Otherwise, the shortfall can only be recovered through the courts. The same rule also applies in a situation where an employee refuses to compensate for damage voluntarily. By mutual agreement of the parties (employer and cashier), it is allowed to repay the lack of funds not in a single amount, but in parts, that is, in installments. In this case, it is necessary to stipulate the exact terms of settlements: the employee must provide a written undertaking to pay the missing amounts.
Note! Additionally, disciplinary, administrative and criminal liability may be imposed on the guilty employee.
Registration of inventory results
Registration of inventory results is carried out by generating the following documents:
- “Cash Inventory Act” (Form No. INV-15);
- “Inventory list of securities and forms of strict reporting documents” (Form No. INV-16).
The inventory report, like other documents, is drawn up in two copies. When changing the financially responsible person, in triplicate. One copy is handed over to the accounting department, the second is handed over to the MOL who handed over the value, the third copy is given to the MOL to the one who accepts the value.

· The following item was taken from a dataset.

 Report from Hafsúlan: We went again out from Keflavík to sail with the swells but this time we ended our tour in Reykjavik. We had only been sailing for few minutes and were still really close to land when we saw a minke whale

A comparison of accounting and actual data when drawing up an inventory report allows us to draw a conclusion about their compliance or the presence of discrepancies. This information is sent to the chief accountant and the head of the organization for further decisions.
The correspondence of actual data with accounting data confirms the high-quality work of the cashier and the correct construction of accounting for cash transactions.
Detection of any deviations (shortages, surpluses) involves finding out the reasons for their occurrence and reflecting these inconsistencies in the inspection report.
conclusions
The main purpose of a cash register audit is to control compliance with cash discipline by responsible employees of the enterprise.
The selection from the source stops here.